Young Wesley remained at the Free School, Dorchester, until he was fifteen years of age. For some time past, his father had been dead. His mother was a widow, and was poor. The boy, as he himself tells us, “was almost fit for the university,” but the difficulty was to find means to send him there. Like his father, and his two grandfathers, he was evidently intended for the Christian ministry; but, considering the treatment which all the three had experienced at the hands of the Episcopal party, it is scarcely probable that their youthful descendant would, at this early period of, his history, feel a wish to enter the ministry of the Established Church. His father and his grandfathers, though they had all been the occupants of Church livings, were, so far as Episcopacy and the use of the Liturgy are concerned, Dissenters; and there can be no question, that, as a boy fifteen years of age, his sympathies were with them.
But, had it been otherwise, there was little prospect of a youth like him being able to become a minister of the Established Church. To become such, he must receive Episcopal ordination; and to receive that, he must go to the university: but to go there was impossible, for he was without money, and was without Episcopal friends to send him.
His Dissenting friends showed him kindness. Without any application being made to them, either by his mother or by himself, they sent him, at their own cost, to London, for the purpose of being entered at one of their private academies, and of being trained for the Dissenting ministry. He tells us that Dr G. had the care of one of the most considerable of these seminaries, and had promised him tuition; but, on his arrival in London on the 8th of March 1678, he found that Dr G. was just deceased, and so his hope for a time was thwarted.
He was now sent to a grammar-school, where his progress was such, that the master wished him to proceed to the university, and actually promised him a handsome subsistence there. At this crisis, his Dissenting friends again came forward. He was a youth of promise; and, for their own sake, as well as out of respect for his dead father, they were unwilling to have him wrested from them.

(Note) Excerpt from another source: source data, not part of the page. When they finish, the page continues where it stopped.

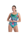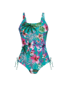 Costume da bagno intero con scollo dritto predisposto per contenere protesi esterne da ambo i lati.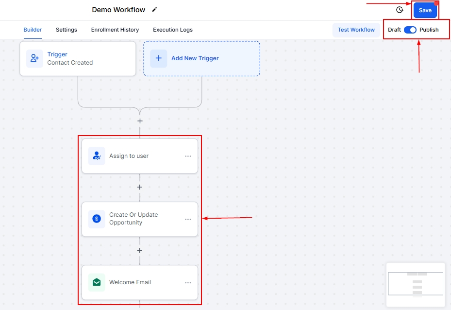 📌NOTE: To publish workflows, you must establish a workflow trigger and action. Without both, you can only save the workflow and not publish it.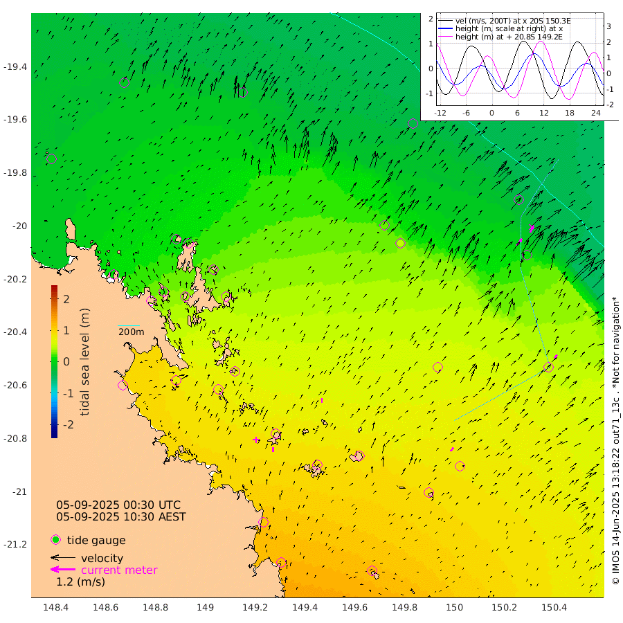 23cm/s -4T +10cm/s rms + 2cm/s 5T. Brampton I 18m 21cm/s 0T +9cm/s rms + 6cm/s 66T. Wigton I 38m 23cm/s 35T +7cm/s rms + 8cm/s 141T. Tern I 47m 32cm/s 26T +7cm/s rms + 12cm/s 54T. N Bugatti Rf 64m 41cm/s 42T +3cm/s rms + 13cm/s 178T. W Bugatti Rf 70m 21cm/s 36T +3cm/s rms + 3cm/s -130T. Creal Rf 69m -5cm Holbourne I 83cm Tern I 11cm Bugatti Rf 46cm Creal Rf -13cm White Tip I -9cm Wallaby Reef -17cm Kennedy Reef -33cm Unnamed Reef No. 2 27cm Tideway Reef 12cm Hayman Island 52cm Square Reef 11cm Double Bay 19cm Molle Island 35cm Cid Harbour 20cm Hook Island 31cm Border Island 38cm Haslewood Island 37cm Shute Harbour 71cm Thomas Island 62cm Credlin Reef 70cm East Repulse Island 74cm Blacksmith Island 92cm Laguna Quays 69cm Carlisle Island (Off) 92cm St. Bees Island 80cm Scawfell Island 85cm Penrith Island 110cm Mackay Outer Harbour 119cm Hay Point 126cm Prudhoe Island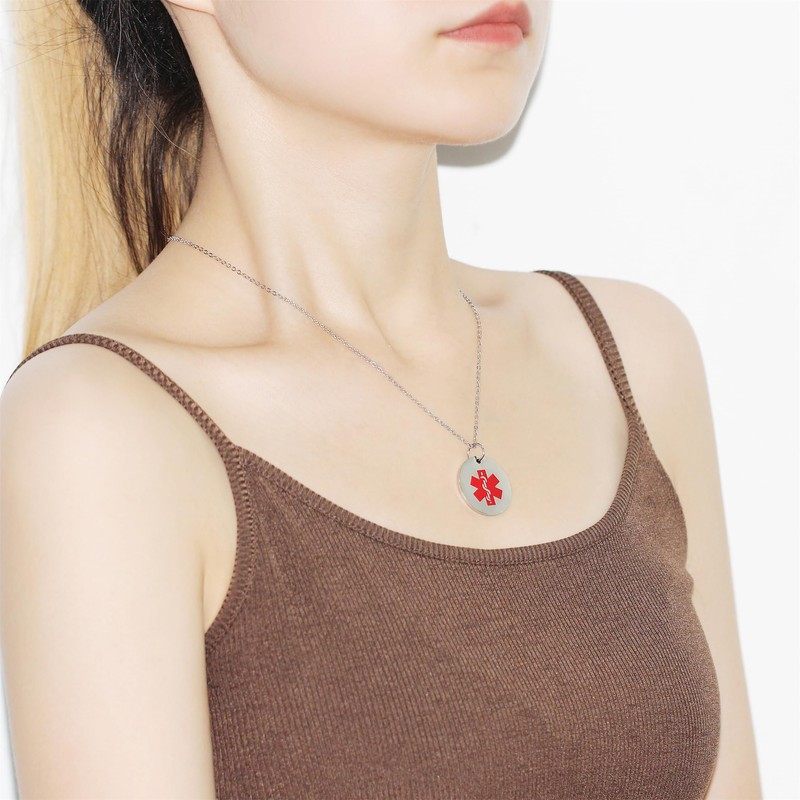- 1. Design: This necklace features the international snake shaped medical logo design and is tailored to meet different medical information needs. It is not only stylish and eye-catching, but also provides important medical information in emergency situations, protecting your safety and health.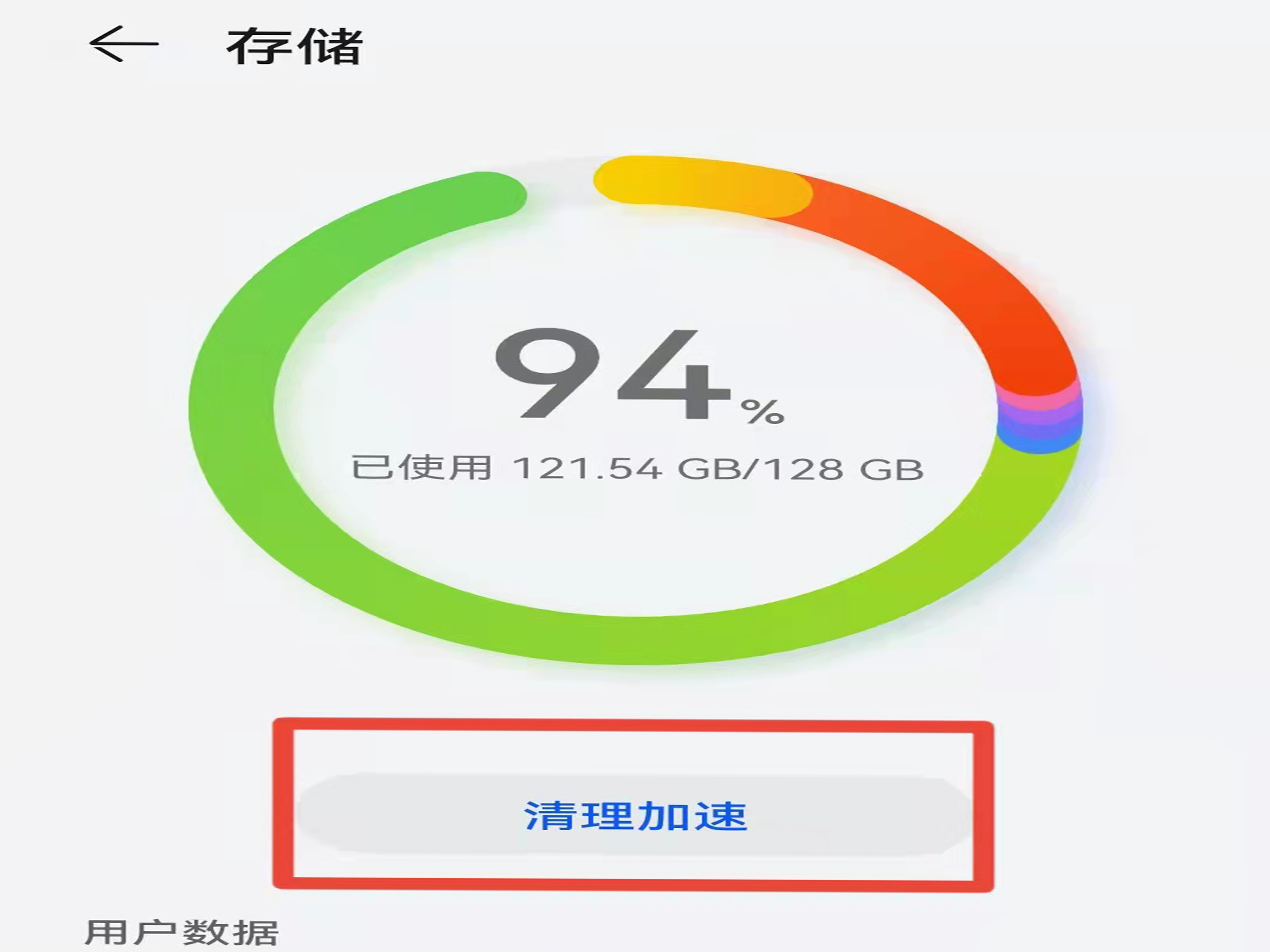 2、点击“存储”,点击“清理加速”。

At this time, a fund existed, raised by the collections and subscriptions of a certain Dissenting congregation, for the purpose of meeting cases like that of young Wesley. Out of this fund, he was granted an exhibition of £30 a year; and was sent to Mr Veal’s academy at Stepney. Wesley says that his relatives considered the offer of the Dissenters to possess greater advantages than the offer which was made to him by the master of the grammar-school to send him to the university, but in what respect it was considered more advantageous we are left to guess.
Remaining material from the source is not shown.